We would like to invite all doctoral students to the next guest lectures, which will be given by Dr. Duong Nguyen from the University of Wyoming, USA.
 

„Resilient distributed systems”

Date: 15/05/2026
Time: 11.45 - 15.00
Place: Technical Library, Piotrowo 2, room L.02.10 (ground floor)
Language: English

Abstract:

Ensuring that a program behaves as intended by its designer is both a fundamental requirement and a significant challenge. Even for traditional sequential programs, this process can require exploring an exponentially large state space. In distributed systems, this challenge is further compounded by factors beyond the designer’s control, including component failures and communication uncertainty.

Despite these difficulties, mission-critical distributed systems underpin much of modern infrastructure - from communication networks and online transactions to traffic management and monitoring. Therefore, designing correct distributed systems is not only desirable but also a practical necessity.

Part 1: Foundations and Fault Models in Distributed Systems. 
This lecture explains the inevitability of faults in practical distributed systems and surveys common fault types.
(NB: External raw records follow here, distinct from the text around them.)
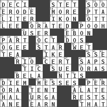 ACROSS 1. Tenth: prefix 5. Proofreading order 9. "Barney Miller" actor Jack 12. Wear away 14. Greater amount 15. Parent Teacher Association (abbr.) 16. 61 cubic inches 17. Picture 18. Baseball player Mel 19. Area sheltered from the wind 20. Spoke pompously 23. "Silly old bear" 24. One who uses or employs something 25. Inky black, to poets 27. Role in a play 30. Sep. follower 32. Two (Sp.) 33. Double curve, resembling the letter S 34. Play the lead 36. Dripping 38. Beverage made from leaves 39. Mamie's husband 40. Compass dir. 43. _ de Janeiro 46. Sure thing 48. Plant excrements 49. Nervous spasm 51. Take to court 52. Mouths or openings 53. Actor Lugosi 54. Nuclear Threat Initiatives 56. South Vietnam president (1954) 58. Makes clutter 61. For each 64. Mouth or opening 65. Portable shelter 66. Having winglike extensions 68. Actor Linden 69. Capital and largest city of Mongolia 70. Musical pauses 71. A saturated hydrocarbon 72. Merit 73. Not this but _ DOWN 1. Small valley 2. One of the Great Lakes 3. ____ d'Azur (French Riviera) 4. Binary compound 5. Stricken, poetically 6. Casino tip 7. Worn away 8. "___ Little Indians" 9. Soup utensil 10. Von Bismarck 11. Pledge 13. Greek god of love 21. Vintage cars 22. Northern region 23. Airs 24. Shoshoni 26. Ribbon knot 27. Cooking vessel 28. Grow older 29. Located in or toward the back 31. Proceeds 35. Summer TV shows 37. Russian ruler of old 41. Health resort 42. Double-curved letter 44. A distinct part 45. Petroleum 47. Wig 48. Distress signal 50. Device for capturing images 53. Memphis, Tenn. Street 55. Austrian river, tributary to the Danube 56. Capital of the state of Qatar 57. SW Asia republic 59. Engineer (abbr.) 60. Comedian Laurel of Laurel & Hardy 61. Romantic infatuation 62. Singer James 63. State of inaction 65. Third day of the wk. 67. Allow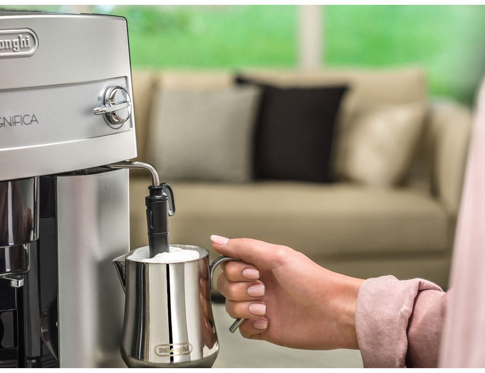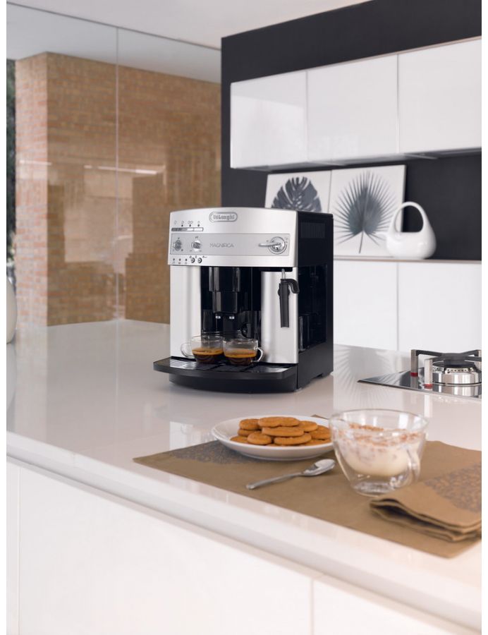 Plnoautomatické espresso DeLonghi ESAM 3200 Magnifica potěší i svým vzhledem. Kvalitní provedení a prémiový stříbrný design předurčuje tento kávovar k použití v jakékoliv domácnosti. Komfortní ovládání zaručují přehledná tlačítka.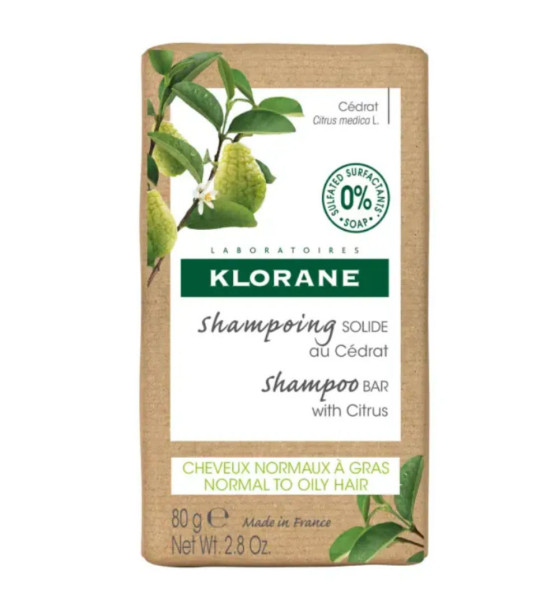 Le Shampooing Solide au Cédrat de Klorane est un soin capillaire sans sulfate conçu pour nettoyer en douceur les cheveux normaux à gras. Sa formule tonifiante assainit le cuir chevelu et régule l'excès de sébum. Les cheveux retrouvent leur vitalité des racines jusqu'aux pointes. Les cheveux sont doux et brillants.

We then develop a formal framework for modeling faults, program executions, and desired correctness properties, providing a foundation for rigorous system design.

Part 2: Fault Tolerance Mechanisms and Strategies. 
Building on the first lecture, this session explores algorithmic and architectural approaches for fault detection and tolerance such as the protocols underlying the operation of TCP, automating the addition of fault-tolerance to existing program, and self-stabilization.

Short bio of the speaker:

Dr. Duong Nguyen is an assistant professor at the University of Wyoming. He got his BSc, MSc, PhD, and postdoctoral training from Hanoi University of Science and Technology, Purdue University, Michigan State University, and Georgetown University, respectively.

His research interests include distributed computing and system (including cloud computing and distributed machine learning), runtime monitoring, fault-tolerance, self-stabilization, and formal methods. His current research projects focus on designing efficient and resilient algorithmic solutions for large-scale distributed graph computations and distributed machine learning in uncertain and dynamic environments.

His work has been published in leading journals in distributed computing such as IEEE Transactions on Parallel and Distributed Systems (IF 6.0), Distributed Computing (IF 2.1), and highly selective conferences such as International Conference on Distributed Computing and Networking, International Symposium on Reliable Distributed Systems, and Runtime Verification. His research has been supported by funding from NSF and NASA.